Email [email protected] or call 800-NRA-3888 and ask to be put on the "Do Not Promote List" and you won't get mail, email or phone calls from them.


----------



## FlashGordon (Mar 19, 2014)

I also just want to mention that if you're on the fence about joining, you can get an Associate Membership for only $10.

https://joinnra.nra.org/join/Associate.aspx

You won't get the magazine or the free hat, and you can't vote in NRA administrative elections with an associate membership. But otherwise there's no difference between an associate membership and a regular membership.


----------



## Ken G (Apr 9, 2004)

I have been a Life member of the NRA for almost 30 years and just recently upgraded to the Endowment membership level. I am also an NRA Range Safety Officer and NRA Pistol Instructor. I believe that without the NRA in the last 7 years we would have lost most of our guns and there certainly would not be any concealed carry allowed. I feel that anyone who owns a firearm should be an NRA member.

Another benefit, beside the one's mentioned in other posts, is free admission to the NRA Annual Meeting which will be held in Louisville this May. 450,000 square feet of gun porn, seminars, lectures, and all around fun.


----------



## Ken G (Apr 9, 2004)

I forgot to mention that Shooting USA offers discounted memberships on their website:

http://www.shootingusa.com/LATEST_UPDATES/NRA_news/NRA_Membership/nra_membership.html


----------



## ddcollier (Feb 13, 2011)

hard to support all of them,Buckeye firearms association is a good group that is on the local level


----------



## BuzzBait Brad (Oct 17, 2014)

Thanks for all the replies. I'm definitely not on the fence about joining. I was going to join regardless. I was just curious about the insurance. I'd love to support something that helps protect my rights.


----------



## angler69 (Sep 26, 2005)

Life Member here !


----------



## Smallmouth Crazy (Apr 4, 2006)

angler69 said:


> Life Member here !


I have been a member again for the last few years, I to dropped out because of the constant pleas for money and the fact that my mail box was flooded everyday with mailers from people they sold my info to.


----------



## supercanoe (Jun 12, 2006)

I requested to be put on the "do not promote" list about 5 or 6 years ago. They don't send me anything except the insurance paperwork.


----------



## Fishingisfun (Jul 19, 2012)

Life member bought a life membership for my son and myself when he was five years old. 28 plus years ago now. A good idea for gun owners. Imho


----------



## mas5588 (Apr 15, 2012)

Member here. I guess they do good work, especially with the current administration. We'll have another 8 years of uphill battles,so joining is probably a good idea. 

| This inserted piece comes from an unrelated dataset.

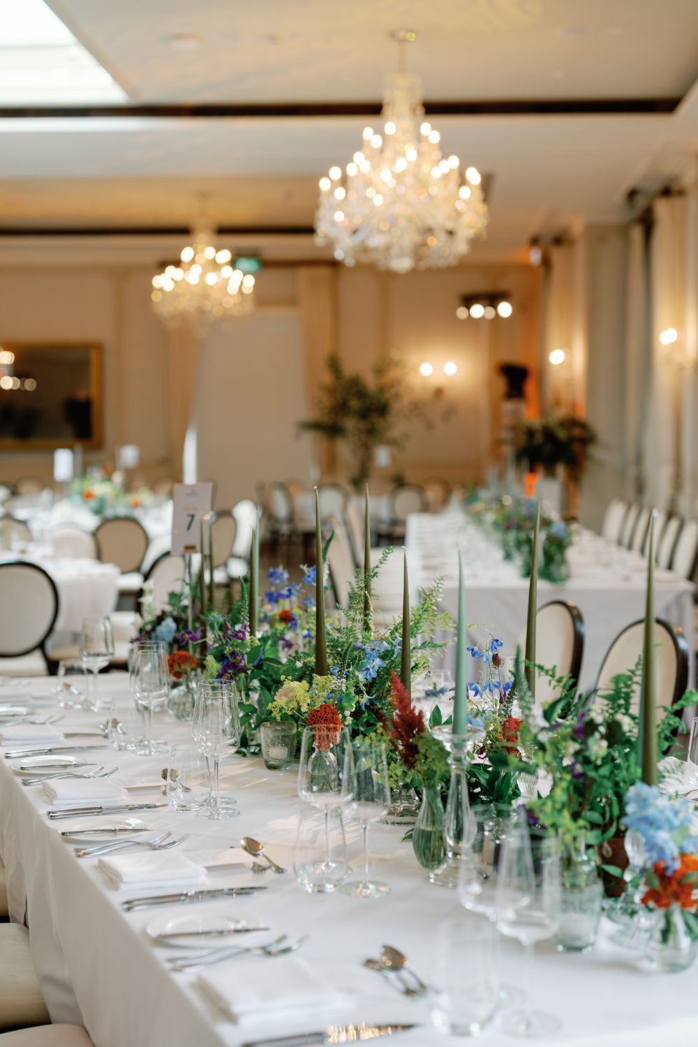 Located in the heart of Ireland, Cashel Palace Hotel is one of Ireland's most luxurious five-star hotels. Meticulously restored from its 1732 beginnings, the manor house was a fabulous backdrop for the wedding of entrepreneur Hugh O’Flanagan to lawyer Gareth Dunne on September 1st 2023. Featured in the Spring issue of SOCIAL & PERSONAL Weddings and shot by Under the Veil, there's only one word to accurately describe the floral styling by The Garden in this late summer wedding, and it's sumptuous!

One thing, that magazine is absolutely worthless. I don't hardly even open it anymore.


----------



## Skeet1 (Jan 10, 2013)

mas5588 said:


> Member here. I guess they do good work, especially with the current administration. We'll have another 8 years of uphill battles,so joining is probably a good idea.
> 
> One thing, that magazine is absolutely worthless. I don't hardly even open it anymore.


----------



## Skeet1 (Jan 10, 2013)

I'm a life member and send annual contribution to keep th eliberals at bay. Money well spent.


----------